Часть вторая
Цыганская майя
Вон куда завели меня старые тропы! В самые дебри беллетристики. А я ведь собирался насовсем изменить родине и стать кочевником Афразийской степи и если уж нельзя обойтись без писанины, то, по крайней мере, придерживаться факта, заниматься документалистикой… Правда, и события внутренней жизни – факт, не так ли? – вопрошаю кого-то, вымышленного слушателя, бессловесного, как тот ежик с Утренней горы. Собственно говоря, вся так называемая внутренняя речь есть обращение к ежику. Все мы ходим с ежиком в сердце.

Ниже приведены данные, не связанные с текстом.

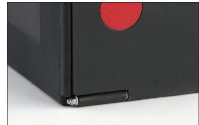
RVS scharnieras, veilig weg-gewerkt.
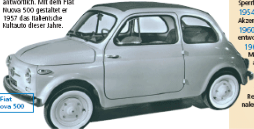
Der Fiat Nuova 500
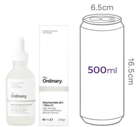
디오디너리 나이아신아마이드 10% + 징크 1% 60mL
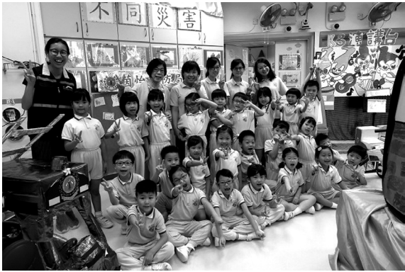
教研中心到校參觀防災的成果
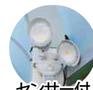
センサー付ライト
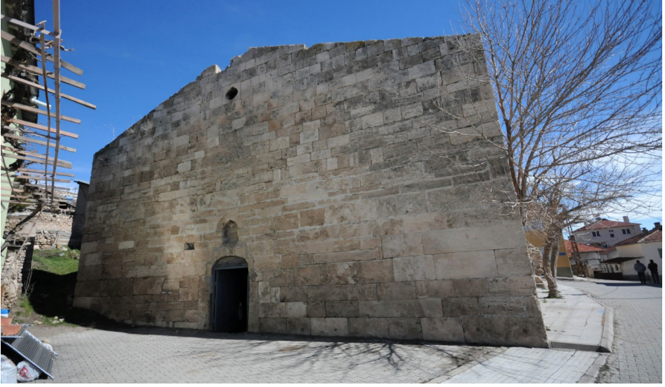
F. 12- Surp Sarkis Kilisesi batı cephesi ve giriş
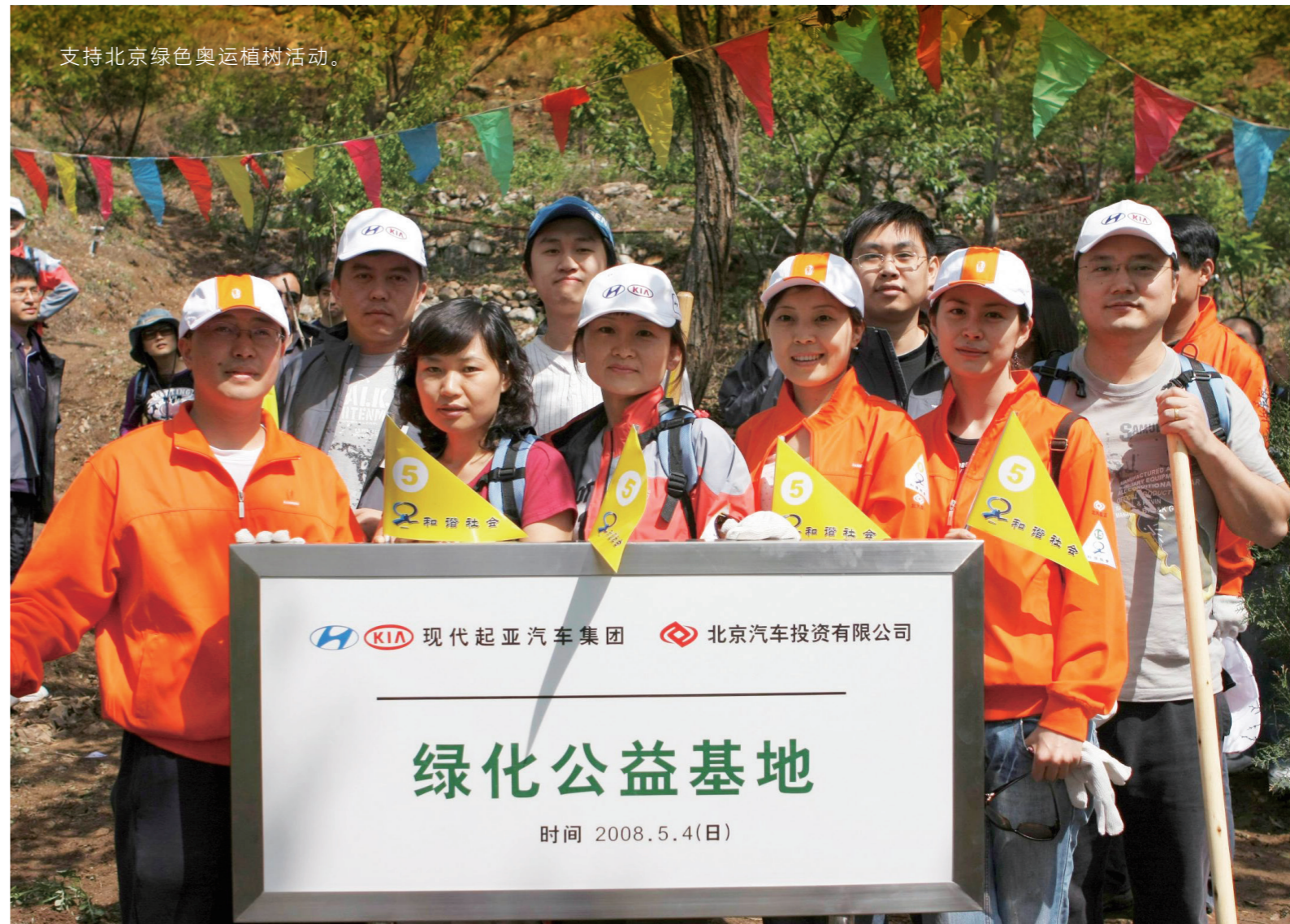
支持北京绿色奥运植树活动。
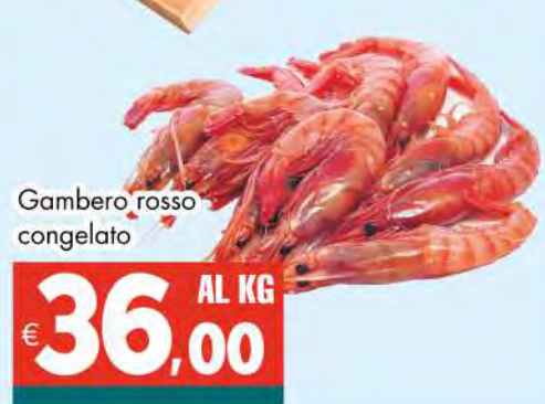
Gambero rosso congelato
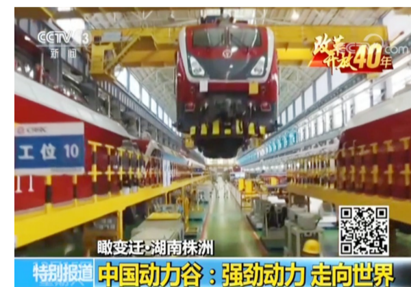
▲央视新闻频道报道中国动力谷 视频截图

本报讯(记者 戴凇)安静的磁浮列车、指甲盖大小的IGBT芯片,还有科技感十足的智轨列车……昨日,央视新闻频道(CCTV13)栏目“改革开放再出发”之“瞰变迁·湖南株洲”,重点报道了“中国动力谷”正以强劲的动力走向世界。
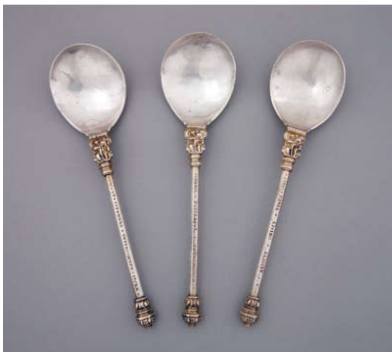
7. Trzy łyżki z herbem „Łabędź”
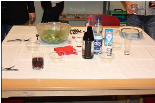
Feldsalat mit Senf-Ei-Dressing:

gelernt haben, die uns wohl immer positiv in Erinnerung bleiben wird.
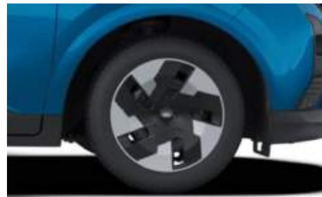
16" STALOWE OBRĘCZE KÓŁ Z KOŁPAKAMI

Standard dla wersji TREND z napędem elektrycznym
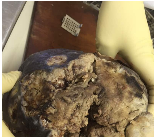
Fig. 1. Tumoración gigante de mama izquierda con necrosis y ulceración.

Macroscópicamente, se recibió mama izquierda sustituida por una masa tumoral ulcerada (Figura 1) que midió 32x20x10 cm (6,5 kg de peso), con aspecto fibroso de color gris blanquecino, semejante sarcoma con áreas enquistadas gelatinosas. Al corte, la superficie fue mucoide, con áreas de hemorragias carnosas y con quistes que se alternaron con zonas fibrosas (Figura 2).

Ежик, землемер, фотограф Владимир, шофер Серж, князь, мужики-погромщики, дружинники, босоногая девчонка… как бы их я смог запечатлеть? Только ежика и сфотографируешь.
А безумное плавание вверх по реке? Даже если бы у меня был аппарат?
Но и обычный поход не так-то просто сфотографировать.
Краски того лета были чудесны…
Наверное, и ежик на старых тропах заблудился и забыл, о каком именно лете идет речь.
О том, что пришло после весны.
Я и сам путаюсь, так много было весен и осеней, трав и цветов, дождей, птиц. И они мне не надоедали. Может надоесть улица за окном, но не тропинка местности. Улицы моего нового микрорайона тоскливы, как старая зубная боль. Появление фотоаппарата лишь усилило эту боль, и я, любитель пеших прогулок, почти совсем перестал ходить здесь пешком, сажусь сразу на маршрутку, чтобы побыстрее оказаться в центре, собственно в городе, все жители микрорайонов так и говорят, собираясь туда: поеду в город. Раньше на месте девятиэтажек и ларьков стояли деревни, так что все правильно. А город, как был за крепостью, так и остался там. И там-то можно что-то найти, среди старых камней и деревьев, особенно рано поутру. Я научился ценить ранние часы, когда свет свеж, густ, драгоценен и открывается как будто только для тебя одного. И только ты видишь озаренные годуновские башни, в эти мгновения словно бы совпадающие с каким-то своим высшим смыслом. Ведь это оборонительные сооружения, но сейчас они полностью раскрываются в замысле красоты и как будто именно для этого и возведены. И преображает их свет. Всякий раз, наблюдая это, я вспоминаю Гомера, то, как Афина наводила особое сияние красоты на своих любимцев, Одиссея и прочих. И это сияние дает камням жизнь, да, возвращаясь домой, смущенно понимаешь, что думаешь о башнях как об одушевленных существах. Более того, эти башни как будто танцуют, это длится мгновение…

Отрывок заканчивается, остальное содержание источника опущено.